Biało-zieloni skomplikowali sobie sytuację remisem z grudziądzkim GKM-em, ale wkrótce zweryfikowany może zostać rezultat ich spotkania w Rybniku (49:41). Właśnie po meczu ROW - Włókniarz kontrola antydopingowa wykryła niedozwolone środki w organizmie Grigorija Łaguty, lidera rybniczan. Jeśli jego punkty zostaną anulowane, wynik tamtej rywalizacji zmieni się na 41:38 dla częstochowian. To z kolei będzie oznaczać dla nich 3 punkty do ligowej tabeli i właściwie pewne utrzymanie w PGE Ekstralidze. Na razie jednak to tylko najbardziej prawdopodobny scenariusz i w Częstochowie nie chcą o tym myśleć. Skupiają się na spotkaniu z Fogo Unią.

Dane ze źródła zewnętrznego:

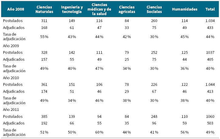 A pesar de eso, sí se pueden aportar algunos elementos de contexto, y es que la tasa de adjudicación de los proyectos presentados en el área de Ciencias Sociales, donde se ubica Comunicación e Información, es —al menos entre los años 2008 y 2011— la más baja en relación con el resto de áreas disciplinarias. Este dato, no permite establecer conclusiones definitivas, pero aporta perspectiva para comprender el lugar de la disciplina en el contexto general del apoyo público al desarrollo científico en el país.

ZOBACZ WIDEO Żużlowa prognoza pogody

We Włókniarzu uważają, że goście nie mają słabych punktów w swoim składzie. Duże wrażenie na gospodarzach niedzielnej konfrontacji robi para juniorska przyjezdnych. Ponadto tor przy Olsztyńskiej nie stanowi tajemnic dla Emila Sajfutdinowa, Petera Kildemanda i Grzegorza Zengoty, którzy w przeszłości jeździli dla Włókniarza. Częstochowianie twierdzą, że wynik powinien być na styku a o końcowych rozstrzygnięciach na korzyść jednej bądź drugiej strony zadecydują szczegóły. Takim detalem może być właśnie Andreas Jonsson.

Awizowane składy:

Fogo Unia Leszno 
1. Emil Sajfutdinow
2. Peter Kildemand
3. Piotr Pawlicki
4. Grzegorz Zengota
5. Janusz Kołodziej
6. Dominik Kubera

Włókniarz Vitroszlif CrossFit Częstochowa 
9. Leon Madsen
10. Karol Baran
11. Matej Zagar
12. Andreas Jonsson
13. Rune Holta
14. Michał Gruchalski

Początek meczu: 19:00 (live nSport+ HD)
Sędzia: Paweł Słupski 
Komisarz toru: Jacek Woźniak

Wynik 1. meczu: 57:33 dla Fogo Unii Leszno

Przewidywana pogoda na niedzielę (za yr.no):
Temperatura: 25°C
Ciśnienie: 1015 hPa
Wiatr: 3 m/s
Deszcz: 0.0 mm

Bilety:
- Sektor centralny - 45 zł
- Normalny - 35 zł
- Ulgowy - 25 zł

Ostatni raz w Częstochowie obie ekipy spotkały się 7 września 2014 roku. Wówczas triumfowali gości 55:35. Najwięcej punktów w ich szeregach zdobył Tobiasz Musielak (14+1), natomiast wśród miejscowych wyróżniał się Michael Jepsen Jensen (11+1).